Ничего в жизни она так сильно не хотела, как отвязаться от графа. Ей казалось, будто он насылал на нее проклятие, сглаз, ибо, даже когда она физически не видела его, она ощущала его злой гений повсюду. Постоянное одиночество и почти полное отсутствие душевных радостей превращали каждое их слово или поступок во что-то преувеличенно важное: ей приходилось обдумывать каждый шаг, каждый взгляд, каждое свое действие.

Однажды от скуки Эмбер осмелилась войти к нему в лабораторию: повернула ручку, дверь оказалась незапертой, и она тихо вошла, чтобы не беспокоить его. Большие горы книг и рукописей, недавно присланных ему из Лайм-парка, громоздились на полу. На полках стояли черепа, сотни флаконов и бутылочек, масляные лампы, колбы и пробирки самых различных форм и размеров – все принадлежности алхимика. Она знала, что Рэдклифф был занят «большим делом» – сложным и тяжелым процессом, занявшим уже семь лет труда, целью которого было открытие «философского камня», – работой, захватившей лучшие умы эпохи.

Когда Эмбер вошла, граф стоял перед столом спиной к ней и осторожно отмерял желтый порошок. Она ничего не сказала, но подошла ближе, с любопытством разглядывая предметы на полках и столах. Неожиданно он вздрогнул, флакончик выпал из его рук.

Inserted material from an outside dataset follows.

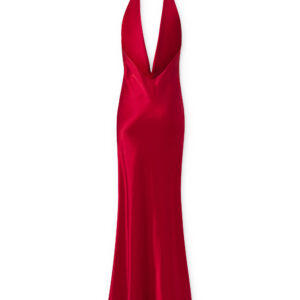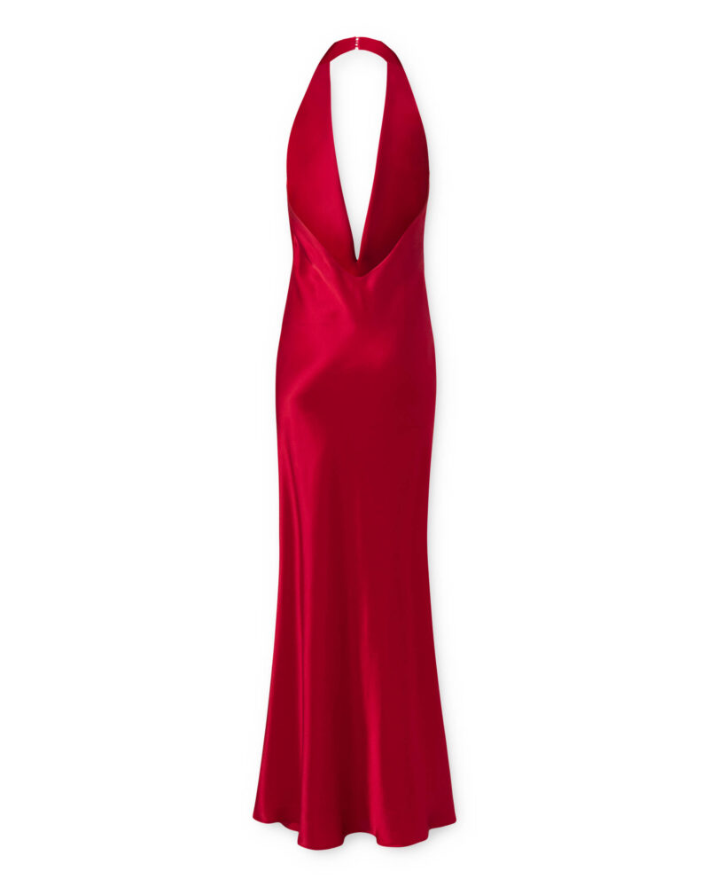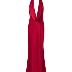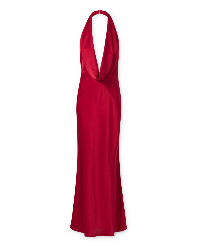 Sukienka charakteryzuje się niezwykle kobiecym dekoltem typu halter, który subtelnie podkreśla ramiona i szyję, dodając sylwetce smukłości. Drapowanie na całej długości sukienki tworzy efektowne i harmonijne linie, które nie tylko przyciągają wzrok, ale także modelują sylwetkę, nadając jej idealne proporcje.

Эмбер отскочила назад, чтобы порошок не испачкал платье.

– О, извините.

– Что вы здесь делаете?

Эмбер вспыхнула:

– Я только зашла посмотреть! Что в этом плохого?

Он несколько успокоился, с лица сошло гневное выражение.

– Мадам, есть несколько мест, куда женщинам не следует заходить ни при каких обстоятельствах. Одно из них – лаборатория. Прошу вас не мешать мне больше. Я потратил слишком много лет и слишком много денег на этот проект, чтобы позволить женщине погубить его.

После алхимии вторым увлечением графа была библиотека, где он проводил по многу часов ежедневно. Большую часть жизни он занимался собиранием редких книг и рукописей, которые хранил в идеальном порядке, часто перелистывал с большой осторожностью, составляя подробные аннотации. Но он получал удовольствие не только от обладания книгой, ее внешнего вида и старой бумаги. Он читал эти книги. Среди томов были греческие пьесы, письма Цицерона, рассуждения Марка Аврелия, сочинения Плутарха и Данте, испанские пьесы, книги французских философов и ученых, все – на языке оригинала.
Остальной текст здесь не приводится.